**Your goal:** Transcribe exactly the lines below that begin at the line with "Schwalbe auf Kopf" and stop after the line with "また、発見ステージでは「Gamification Award 2025」の表彰式も行われる。Gamification", leaving out every picture.

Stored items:
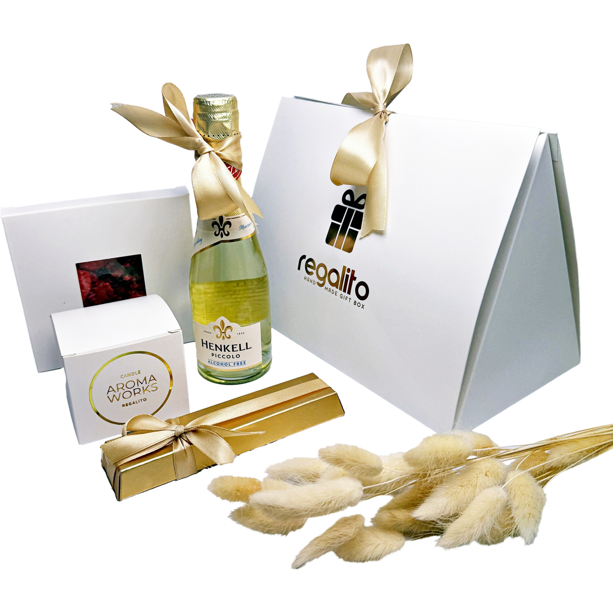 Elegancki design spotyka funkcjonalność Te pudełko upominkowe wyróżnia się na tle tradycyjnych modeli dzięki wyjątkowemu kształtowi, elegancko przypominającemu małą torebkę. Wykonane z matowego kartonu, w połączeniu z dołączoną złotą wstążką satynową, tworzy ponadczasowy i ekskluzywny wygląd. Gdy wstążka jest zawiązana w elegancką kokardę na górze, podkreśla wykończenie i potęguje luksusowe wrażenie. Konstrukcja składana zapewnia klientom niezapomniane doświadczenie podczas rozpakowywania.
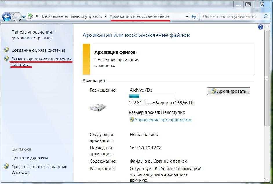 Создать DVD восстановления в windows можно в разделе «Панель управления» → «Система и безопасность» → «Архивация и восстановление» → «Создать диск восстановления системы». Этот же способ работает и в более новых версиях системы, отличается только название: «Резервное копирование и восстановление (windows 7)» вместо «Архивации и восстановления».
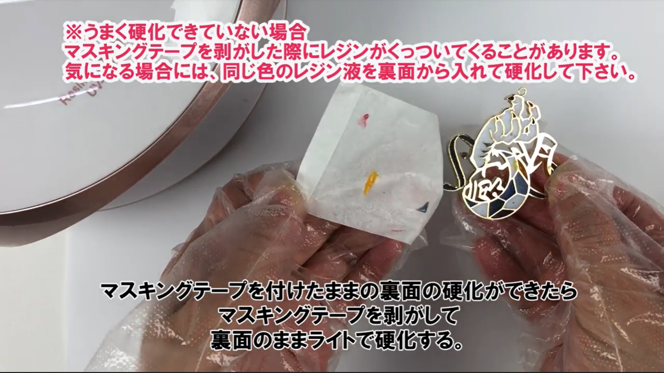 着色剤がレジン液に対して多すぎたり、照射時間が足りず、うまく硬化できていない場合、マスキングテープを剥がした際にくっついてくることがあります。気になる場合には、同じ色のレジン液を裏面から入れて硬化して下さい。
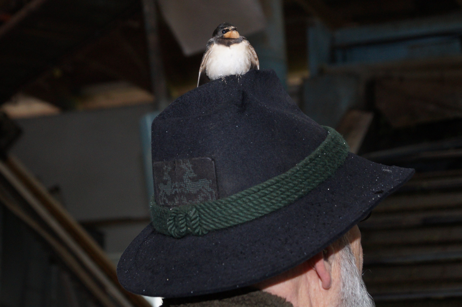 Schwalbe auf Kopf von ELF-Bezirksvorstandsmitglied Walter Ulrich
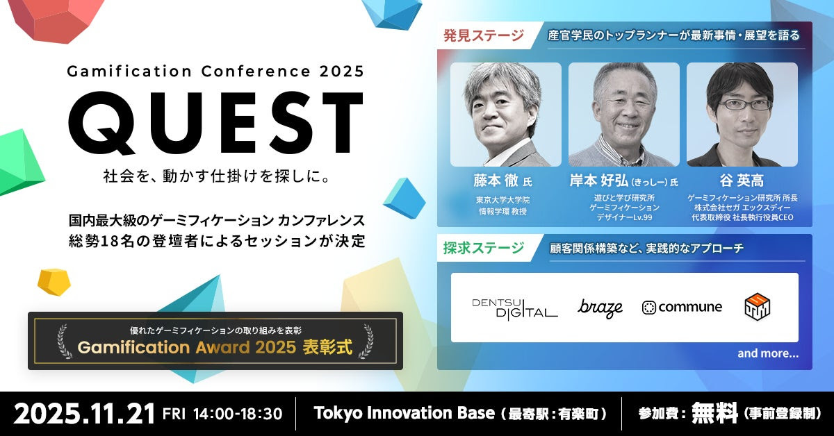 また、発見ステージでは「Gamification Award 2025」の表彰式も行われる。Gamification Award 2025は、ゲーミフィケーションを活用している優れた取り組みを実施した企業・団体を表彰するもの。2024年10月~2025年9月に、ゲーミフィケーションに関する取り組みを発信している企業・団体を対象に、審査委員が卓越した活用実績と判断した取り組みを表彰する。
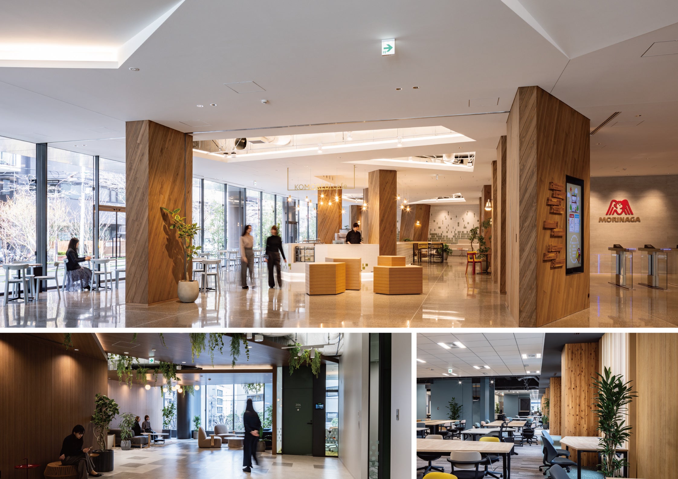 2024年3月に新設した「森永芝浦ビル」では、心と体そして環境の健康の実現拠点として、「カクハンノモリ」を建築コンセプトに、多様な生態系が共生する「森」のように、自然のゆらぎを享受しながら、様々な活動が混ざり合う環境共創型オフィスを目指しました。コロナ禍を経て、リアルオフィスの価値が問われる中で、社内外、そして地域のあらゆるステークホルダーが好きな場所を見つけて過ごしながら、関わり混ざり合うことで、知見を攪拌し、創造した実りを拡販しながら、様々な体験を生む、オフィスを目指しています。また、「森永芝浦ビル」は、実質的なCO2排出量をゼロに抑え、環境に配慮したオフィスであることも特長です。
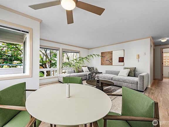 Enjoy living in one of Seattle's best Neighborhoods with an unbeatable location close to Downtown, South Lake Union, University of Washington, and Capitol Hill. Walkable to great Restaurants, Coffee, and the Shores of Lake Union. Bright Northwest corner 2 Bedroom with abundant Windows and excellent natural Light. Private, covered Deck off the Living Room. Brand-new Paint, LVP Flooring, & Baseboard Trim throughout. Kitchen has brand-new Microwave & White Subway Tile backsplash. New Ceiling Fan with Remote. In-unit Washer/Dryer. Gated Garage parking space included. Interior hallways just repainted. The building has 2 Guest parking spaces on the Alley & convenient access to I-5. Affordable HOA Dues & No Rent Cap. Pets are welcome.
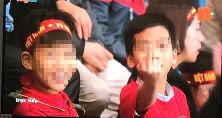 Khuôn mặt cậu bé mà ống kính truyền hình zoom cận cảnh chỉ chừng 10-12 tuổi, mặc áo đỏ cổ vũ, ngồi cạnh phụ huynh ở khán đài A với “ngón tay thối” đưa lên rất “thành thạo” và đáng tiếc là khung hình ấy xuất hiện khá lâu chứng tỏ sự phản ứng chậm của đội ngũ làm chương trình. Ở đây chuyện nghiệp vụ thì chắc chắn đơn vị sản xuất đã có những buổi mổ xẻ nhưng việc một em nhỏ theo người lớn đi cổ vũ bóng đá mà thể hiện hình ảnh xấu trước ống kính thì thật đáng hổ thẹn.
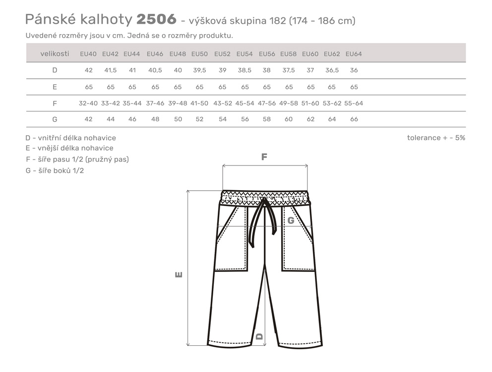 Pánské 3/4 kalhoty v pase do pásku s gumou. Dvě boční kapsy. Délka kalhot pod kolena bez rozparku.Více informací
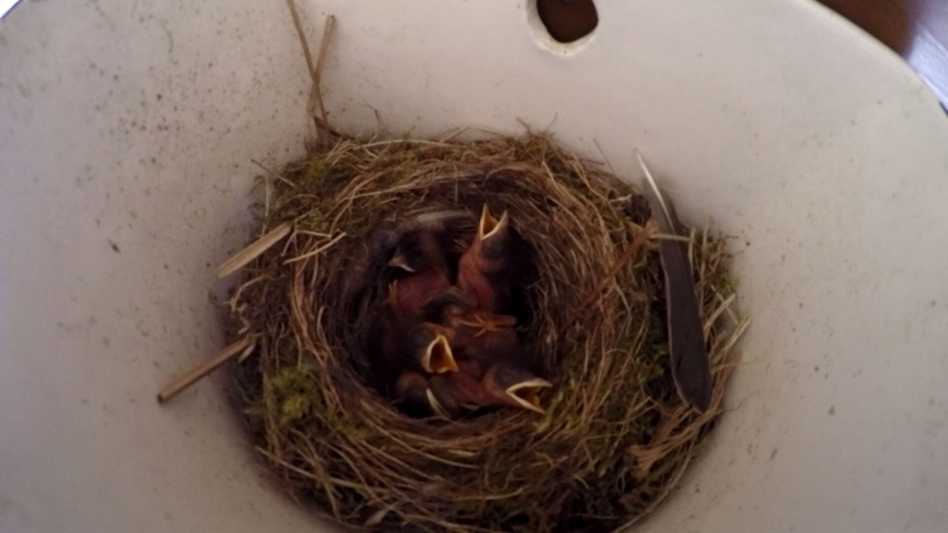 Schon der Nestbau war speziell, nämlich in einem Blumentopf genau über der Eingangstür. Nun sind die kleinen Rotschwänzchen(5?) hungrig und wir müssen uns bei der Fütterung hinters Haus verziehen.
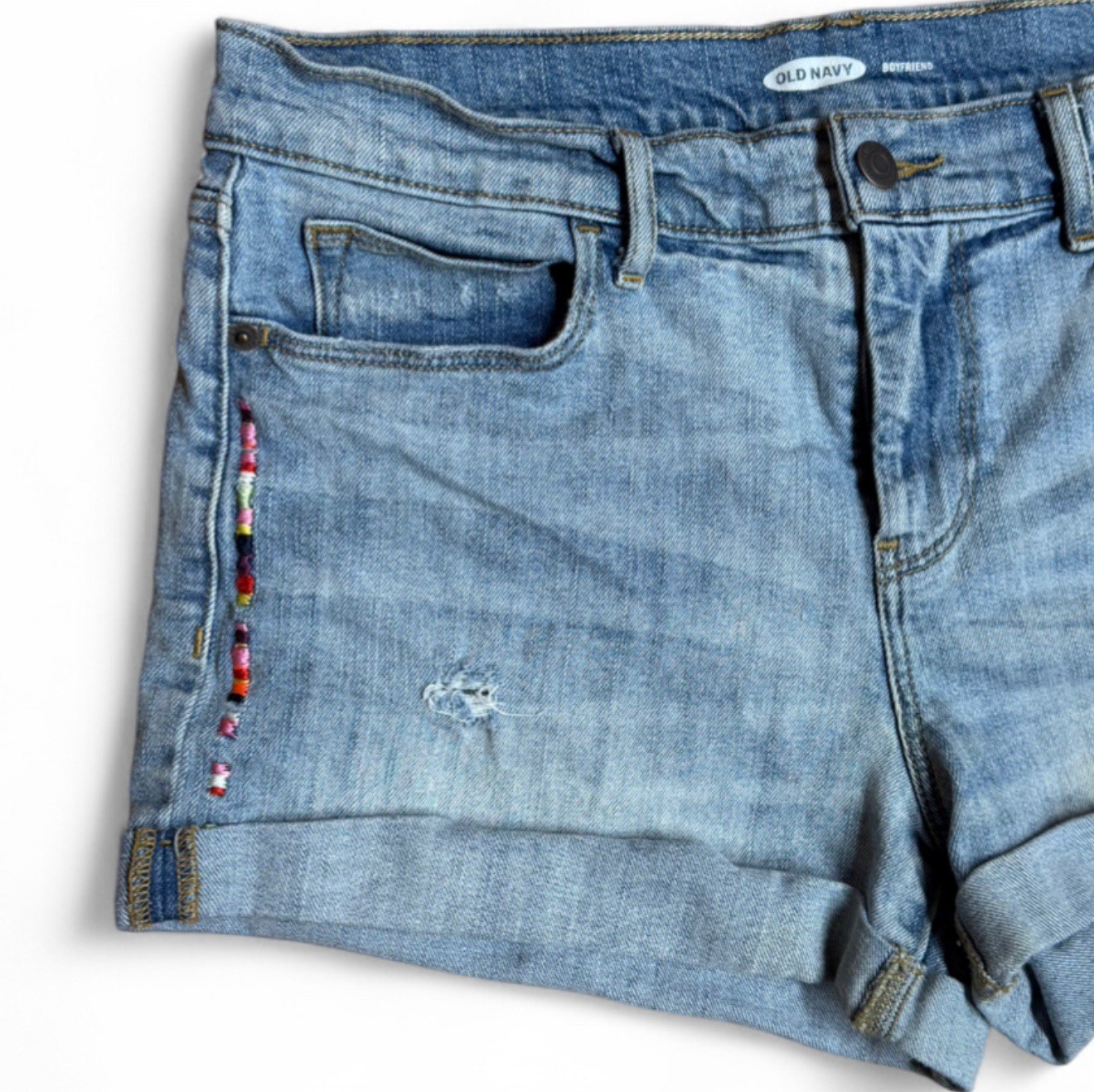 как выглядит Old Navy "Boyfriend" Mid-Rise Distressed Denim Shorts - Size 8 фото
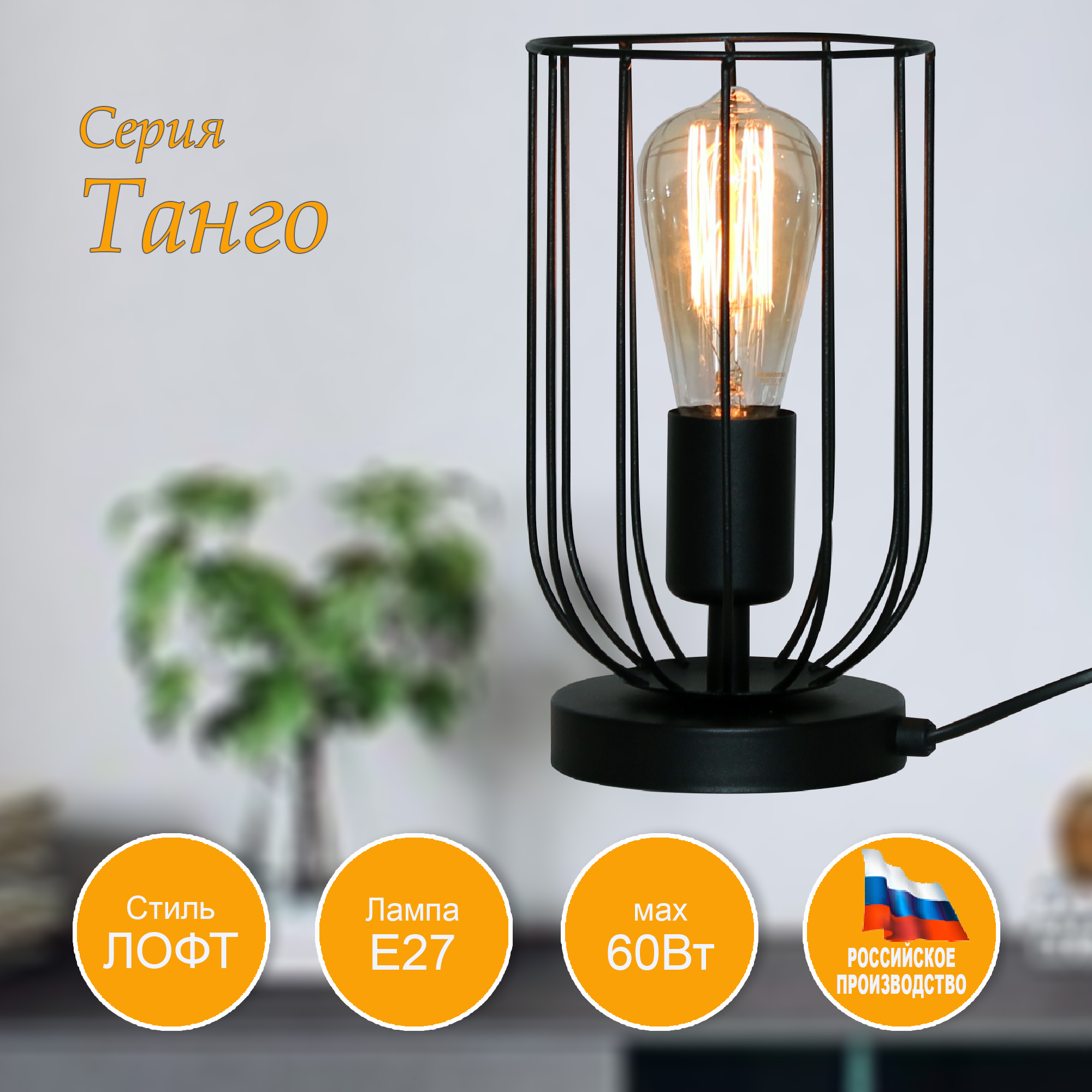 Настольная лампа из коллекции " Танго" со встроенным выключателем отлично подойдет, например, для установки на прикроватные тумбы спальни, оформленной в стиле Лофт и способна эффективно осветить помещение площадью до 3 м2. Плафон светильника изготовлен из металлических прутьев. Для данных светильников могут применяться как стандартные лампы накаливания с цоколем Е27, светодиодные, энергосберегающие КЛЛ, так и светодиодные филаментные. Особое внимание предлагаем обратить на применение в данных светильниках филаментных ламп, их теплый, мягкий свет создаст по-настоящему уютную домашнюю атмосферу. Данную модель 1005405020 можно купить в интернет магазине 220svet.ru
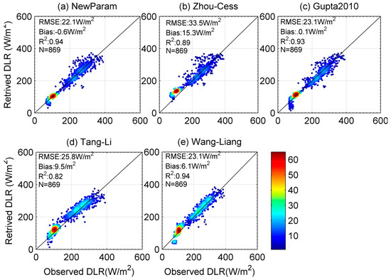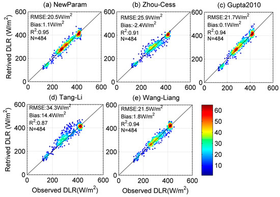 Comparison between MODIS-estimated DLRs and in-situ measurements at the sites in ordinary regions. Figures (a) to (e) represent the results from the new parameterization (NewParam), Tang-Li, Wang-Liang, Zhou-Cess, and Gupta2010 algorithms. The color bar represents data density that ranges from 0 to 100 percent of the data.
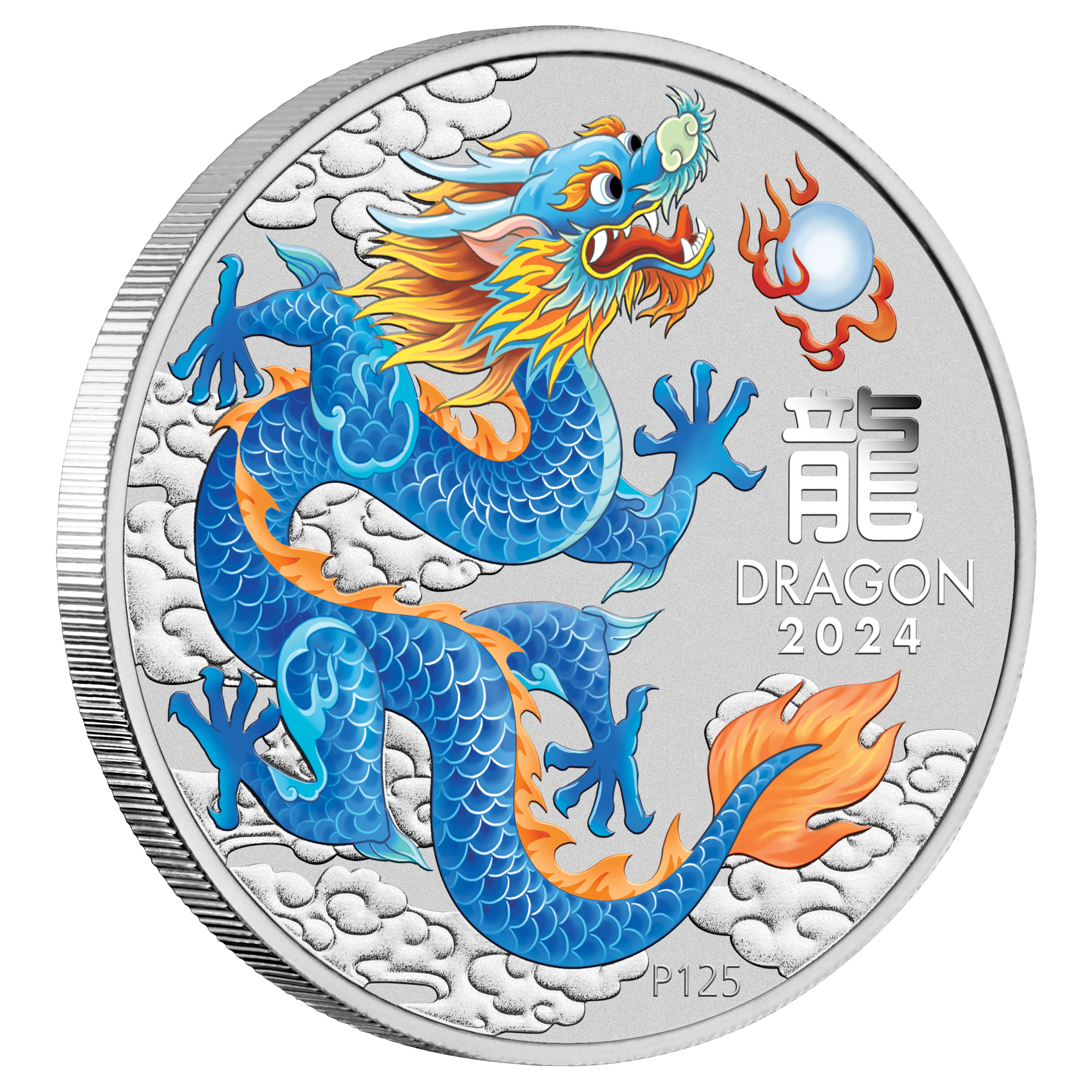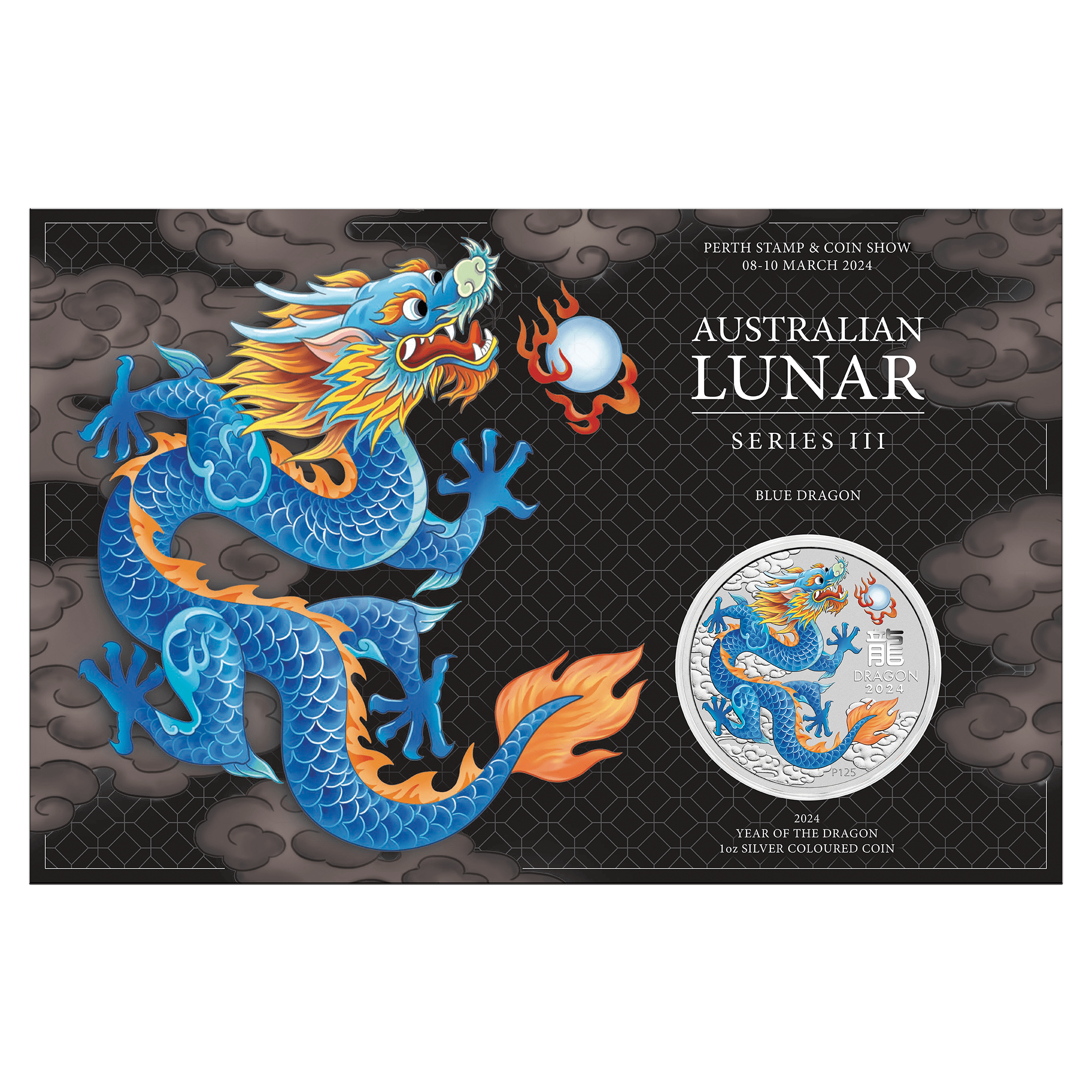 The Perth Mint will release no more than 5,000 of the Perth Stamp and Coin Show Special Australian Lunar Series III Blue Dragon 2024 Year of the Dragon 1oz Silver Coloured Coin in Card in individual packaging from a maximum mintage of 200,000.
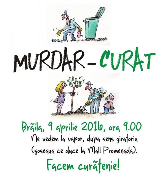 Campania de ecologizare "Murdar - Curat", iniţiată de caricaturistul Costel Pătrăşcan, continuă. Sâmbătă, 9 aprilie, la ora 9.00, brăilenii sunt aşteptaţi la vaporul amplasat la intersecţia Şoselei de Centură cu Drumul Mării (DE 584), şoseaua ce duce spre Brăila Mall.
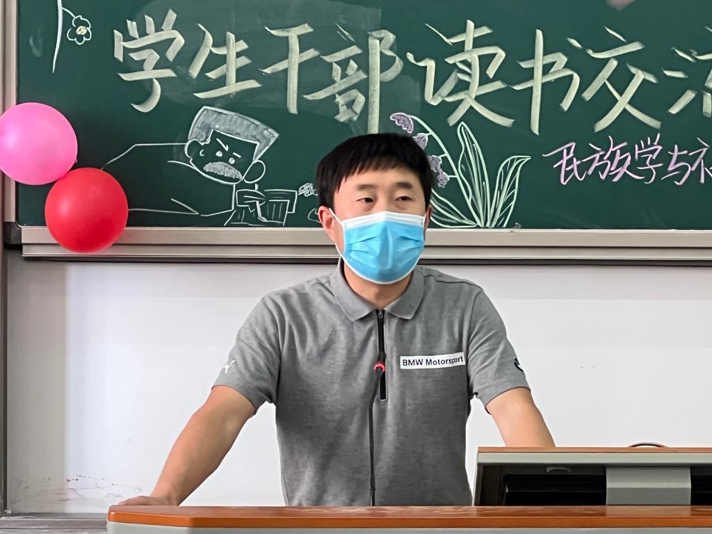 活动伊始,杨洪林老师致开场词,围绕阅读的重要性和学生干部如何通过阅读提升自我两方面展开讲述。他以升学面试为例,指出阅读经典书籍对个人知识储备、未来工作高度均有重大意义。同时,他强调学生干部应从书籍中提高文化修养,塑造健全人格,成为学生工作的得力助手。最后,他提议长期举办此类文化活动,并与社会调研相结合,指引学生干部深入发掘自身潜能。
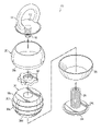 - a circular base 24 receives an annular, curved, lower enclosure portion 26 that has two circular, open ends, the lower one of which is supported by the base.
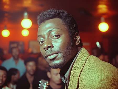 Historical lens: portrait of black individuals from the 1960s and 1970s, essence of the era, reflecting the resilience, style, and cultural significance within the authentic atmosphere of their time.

**Answer space:**
 Schwalbe auf Kopf von ELF-Bezirksvorstandsmitglied Walter Ulrich
 また、発見ステージでは「Gamification Award 2025」の表彰式も行われる。Gamification Award 2025は、ゲーミフィケーションを活用している優れた取り組みを実施した企業・団体を表彰するもの。2024年10月~2025年9月に、ゲーミフィケーションに関する取り組みを発信している企業・団体を対象に、審査委員が卓越した活用実績と判断した取り組みを表彰する。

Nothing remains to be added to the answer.